_Provided material_
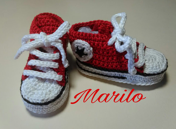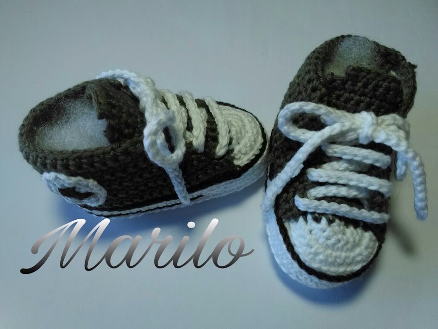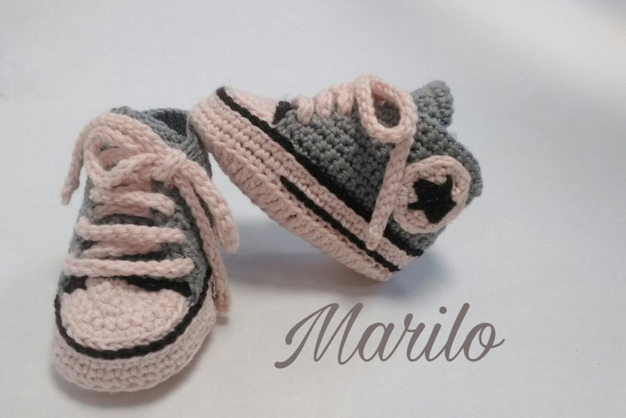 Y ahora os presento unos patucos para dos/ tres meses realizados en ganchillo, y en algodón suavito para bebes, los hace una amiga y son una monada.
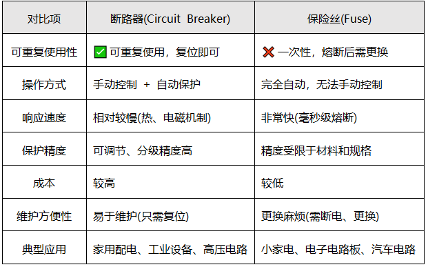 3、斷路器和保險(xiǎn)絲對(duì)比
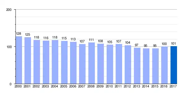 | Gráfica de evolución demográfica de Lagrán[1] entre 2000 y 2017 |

_Your goal_
In the answer, all of the material should appear exactly as given, with no picture carried over.

_Answer for this exercise_
 Y ahora os presento unos patucos para dos/ tres meses realizados en ganchillo, y en algodón suavito para bebes, los hace una amiga y son una monada.
 3、斷路器和保險(xiǎn)絲對(duì)比
 | Gráfica de evolución demográfica de Lagrán[1] entre 2000 y 2017 |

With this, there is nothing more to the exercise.